## Work request
Omitting all images, set down every line below exactly as it appears.

## Available data
—————
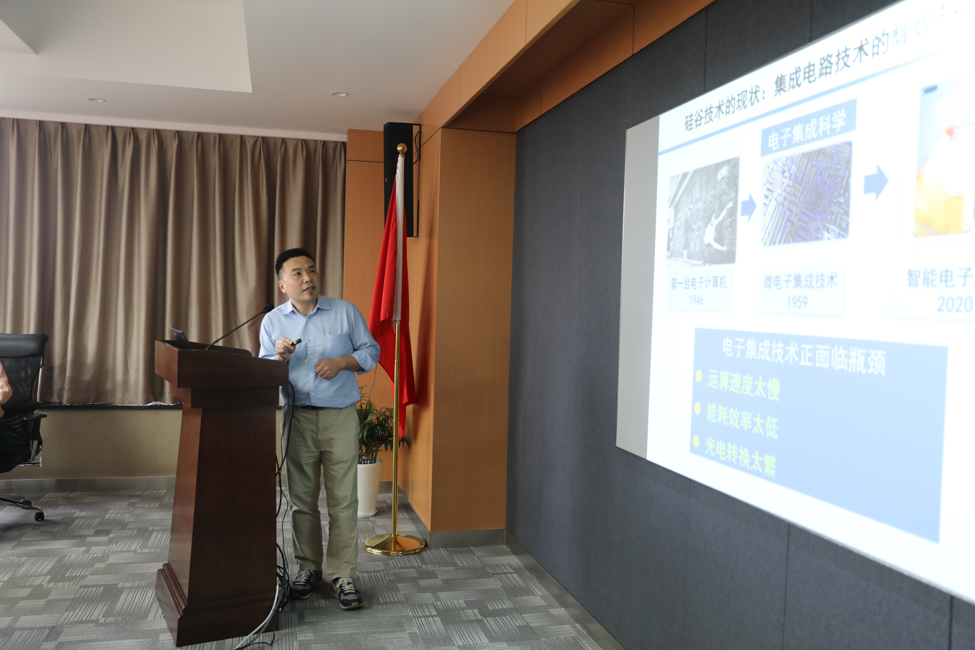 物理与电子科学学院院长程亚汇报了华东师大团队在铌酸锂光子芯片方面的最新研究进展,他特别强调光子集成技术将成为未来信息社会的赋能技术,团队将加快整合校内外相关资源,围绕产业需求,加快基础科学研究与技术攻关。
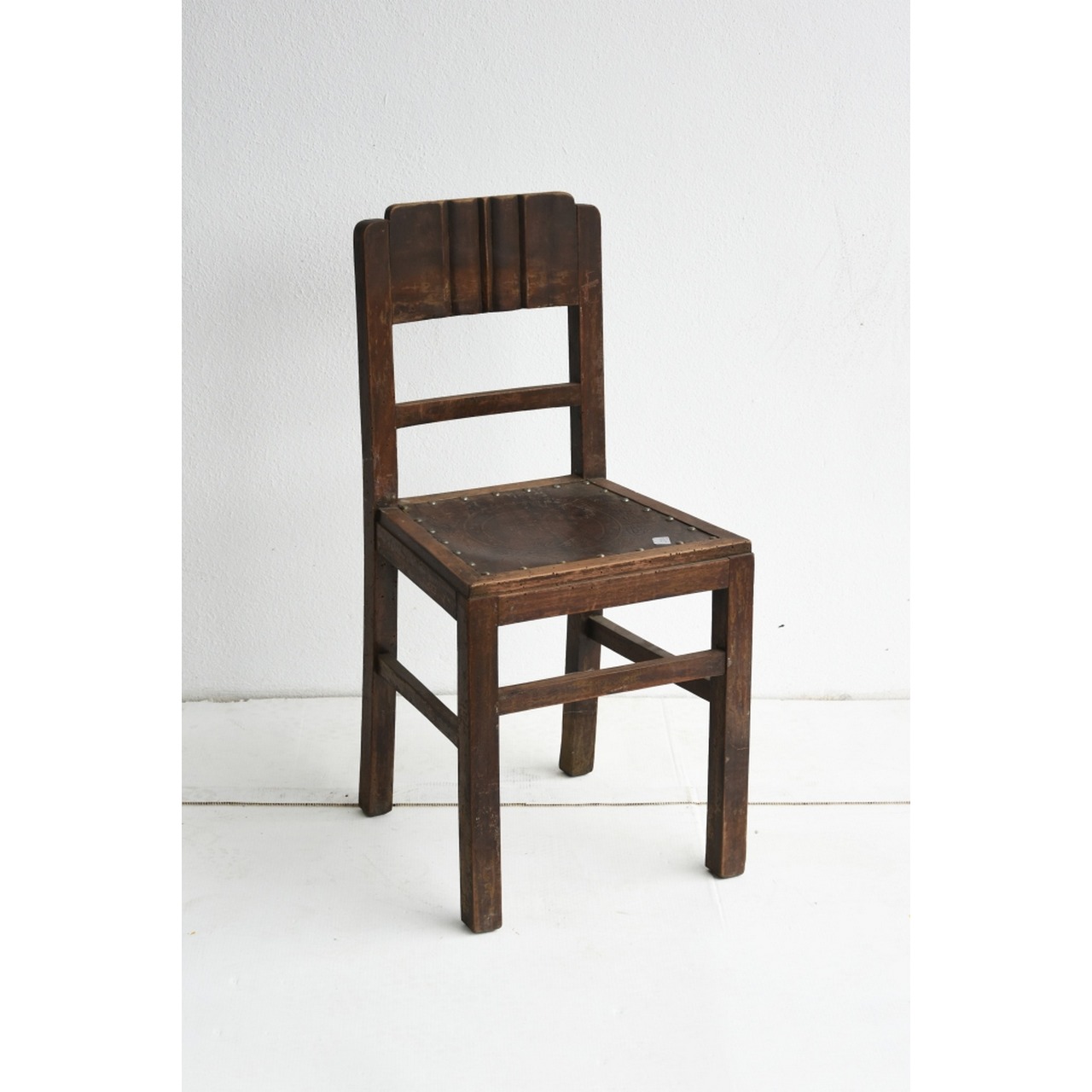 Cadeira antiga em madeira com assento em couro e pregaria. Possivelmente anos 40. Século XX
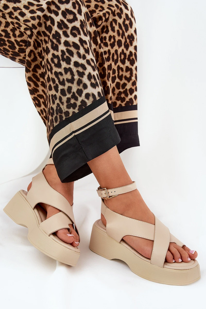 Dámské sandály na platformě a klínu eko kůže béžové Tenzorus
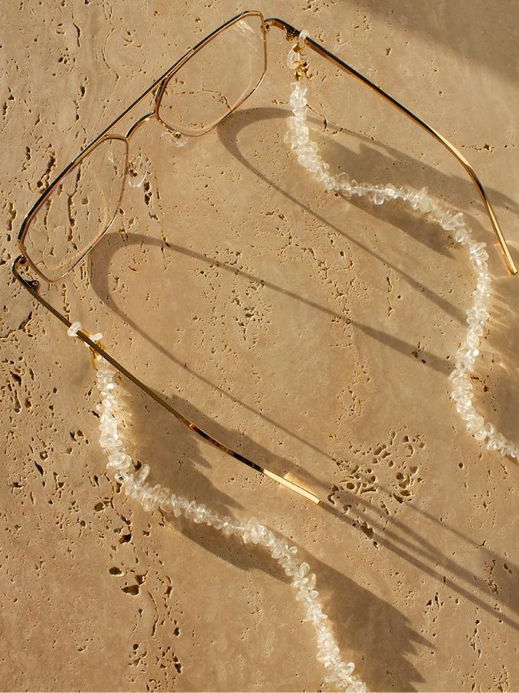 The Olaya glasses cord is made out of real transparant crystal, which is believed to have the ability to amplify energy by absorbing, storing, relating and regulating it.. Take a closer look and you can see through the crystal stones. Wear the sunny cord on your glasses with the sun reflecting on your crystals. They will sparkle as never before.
—————
## Exercise solution
 物理与电子科学学院院长程亚汇报了华东师大团队在铌酸锂光子芯片方面的最新研究进展,他特别强调光子集成技术将成为未来信息社会的赋能技术,团队将加快整合校内外相关资源,围绕产业需求,加快基础科学研究与技术攻关。
 Cadeira antiga em madeira com assento em couro e pregaria. Possivelmente anos 40. Século XX
 Dámské sandály na platformě a klínu eko kůže béžové Tenzorus
 The Olaya glasses cord is made out of real transparant crystal, which is believed to have the ability to amplify energy by absorbing, storing, relating and regulating it.. Take a closer look and you can see through the crystal stones. Wear the sunny cord on your glasses with the sun reflecting on your crystals. They will sparkle as never before.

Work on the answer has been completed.